● YOUR OBJECTIVE
Please set down the data word for word; images do not go in the copy.

● SUPPLIED DATA
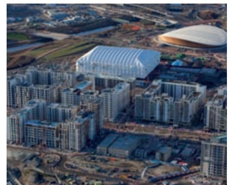
Aerial view of the Athletes' Village

The standard allows for partial certification where only certain elements are covered. This partial basis had been achieved on only a handful of smaller-scale projects in the UK. The Village opted for full certification where all timber elements were covered by the scope of the certification – a first on a project of this scale and magnitude.
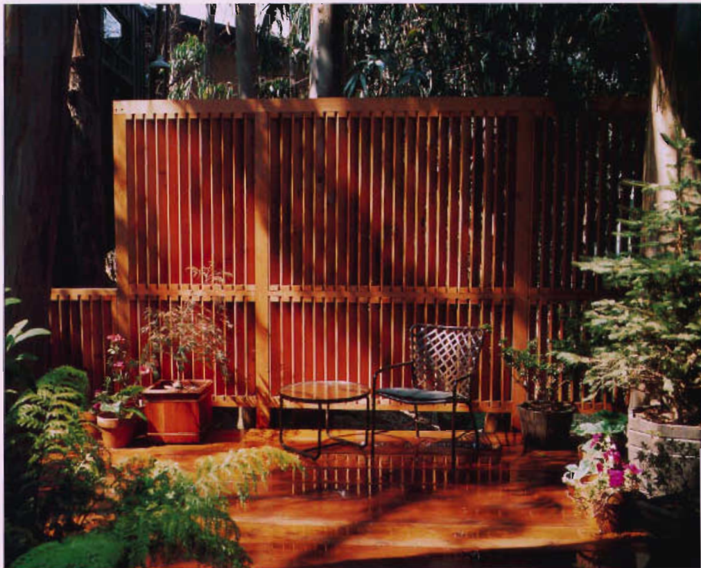
This privacy screen adds visual interest to the back yard. The louvered construction is a sophisticated way to let in light and breezes while maintaining privacy.

● RESPONSE
Aerial view of the Athletes' Village

The standard allows for partial certification where only certain elements are covered. This partial basis had been achieved on only a handful of smaller-scale projects in the UK. The Village opted for full certification where all timber elements were covered by the scope of the certification – a first on a project of this scale and magnitude.
This privacy screen adds visual interest to the back yard. The louvered construction is a sophisticated way to let in light and breezes while maintaining privacy.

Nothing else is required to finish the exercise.